An interesting discussion about recently confirmed cold fusion is going on over at Slashdot. Here's a real gem that puts some nuke fears into perspective. I never really thought about what quality nukes a terrorist might actually get their hands on.
Modern nuclear weapons are around 1 MT, usually a bit less, as that's the optimal size for a weapon you can target accurately. The larger nukes of old were designed to crack silos with a near miss, were extremely expensive for their mission, and were taken out of service long ago. If a terrorist gets a nuclear weapon, it's either going to be a sub-MT military weapon, or a quite a bit smaller "home made" fission only device (modern nukes are pretty sophisticated fusion-pumped-fission devices).Let's do the math [nuclearweaponarchive.org]. A 1 MT nuke detonated at optimal blast height will knock down residential structures at a radius of 10 km, more solid buildings at 7 km, and at 5 km knock down reinfored buildings and kill people outright from the blast (and all other effects, such as high doses of radiation, have smaller radii). A surface blast would have a far smaller effect. The only real point of a surface blast is to generate radioactive fallout (an air blast generates surprisingly little, though it would still hinder clean-up and rebuilding).

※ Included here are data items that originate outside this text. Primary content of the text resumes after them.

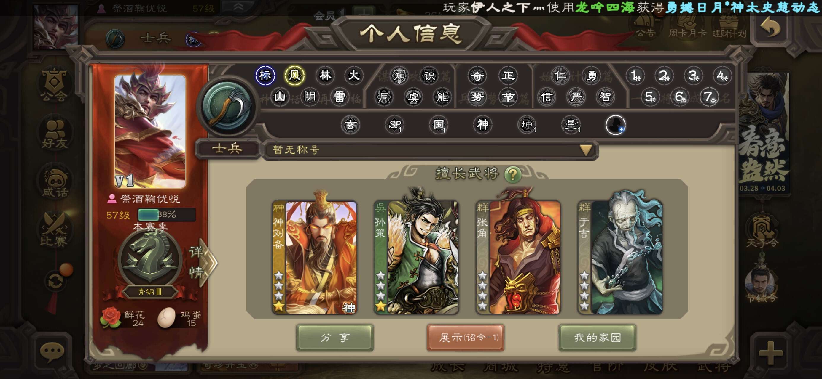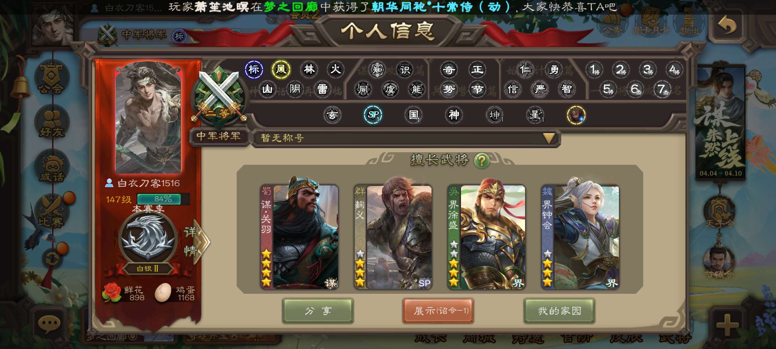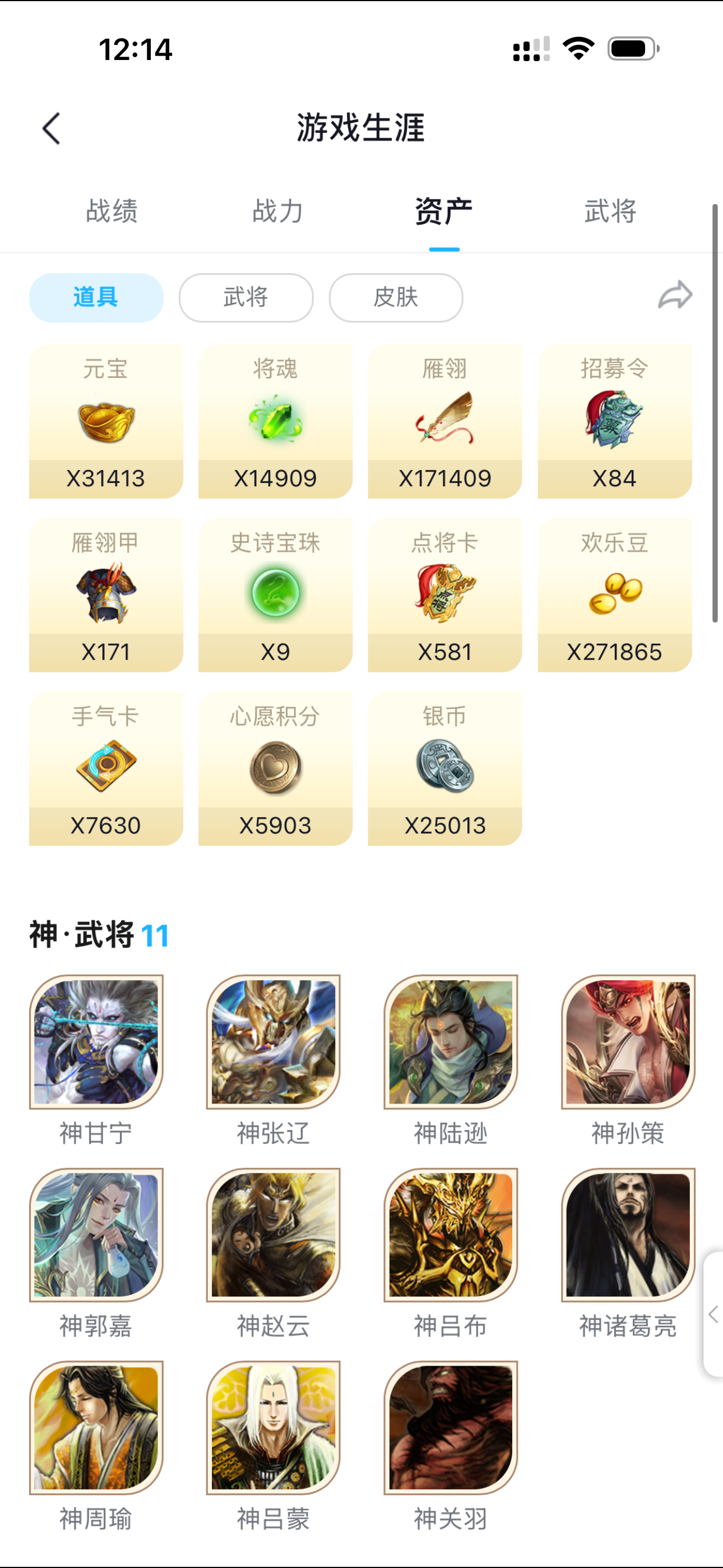 一等大将军81史诗,多强将,三卡齐全,斗地主欢乐豆27万。
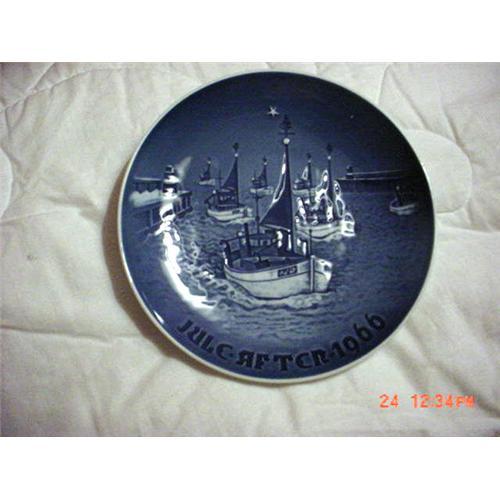 This is grande porcelain from Copenhagen named "Jule After 1966", displaying fun-looking sailboats on a background of highly collectible cobalt blue. It is in excellent condition, no chips and/or cracks. The reverse says "Hjam til Jul", showing the initials "AA".
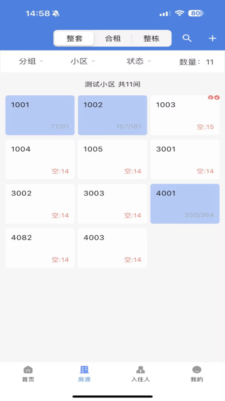 2. 点击房间管理模块,进入后可以查看所有房间的状态。
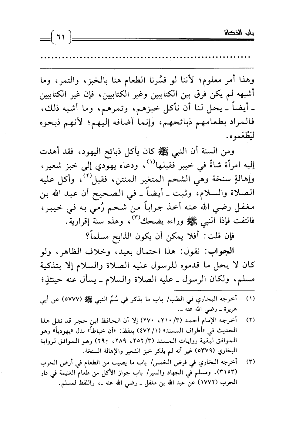 ومن السنة أن النبي صلّى الله عليه وسلّم كان يأكل ذبائح اليهود، فقد أهدت إليه امرأة شاةً في خيبر فقبلها (¬1)، ودعاه يهودي إلى خبز شعير، وإهالةٍ سنخة وهي الشحم المتغير المنتن، فقبل (¬2)، وأكل عليه الصلاة والسلام، وثبت ـ أيضاً ـ في الصحيح أن عبد الله بن مغفل رضي الله عنه أخذ جراباً من شحم رُمي به في خيبر، فالتفت فإذا النبي صلّى الله عليه وسلّم وراءه يضحك (¬3)، وهذه سنة إقرارية.

So yes, in theory, a terrorist with a high-quality military nuke (let's imagine a few were sold out of the old USSR armory, and somehow still worked today (the tritium would have to be replaced, which is quite technical, but lets imagine a scientist came with the bomb)) could sit a couple of kilometers off the coast and destroy some structures along the coast. Good for psycological impact, but not much else, and insanely expensive to carry out. A 50 kt fission bomb, a far more likely scenario for a terrorist, would have less than 40% of the blast radius of the high quality military bomb, and would probably need to be within 1 km to be effective.
A surface blast over *land* is what a terrorist wants, because the radioactive fallout would cause a world of hurt. You'd get very little of that even 1 km off the coast, and even a ship at a dock would produce far less fallout than a bomb 1 km inland. It's *definitely* worth checking for nukes at ports of entry: the threat just goes down very fast as the bomb moves away from land.
The Nuclear Weapon Archive is extrarodinarily cool.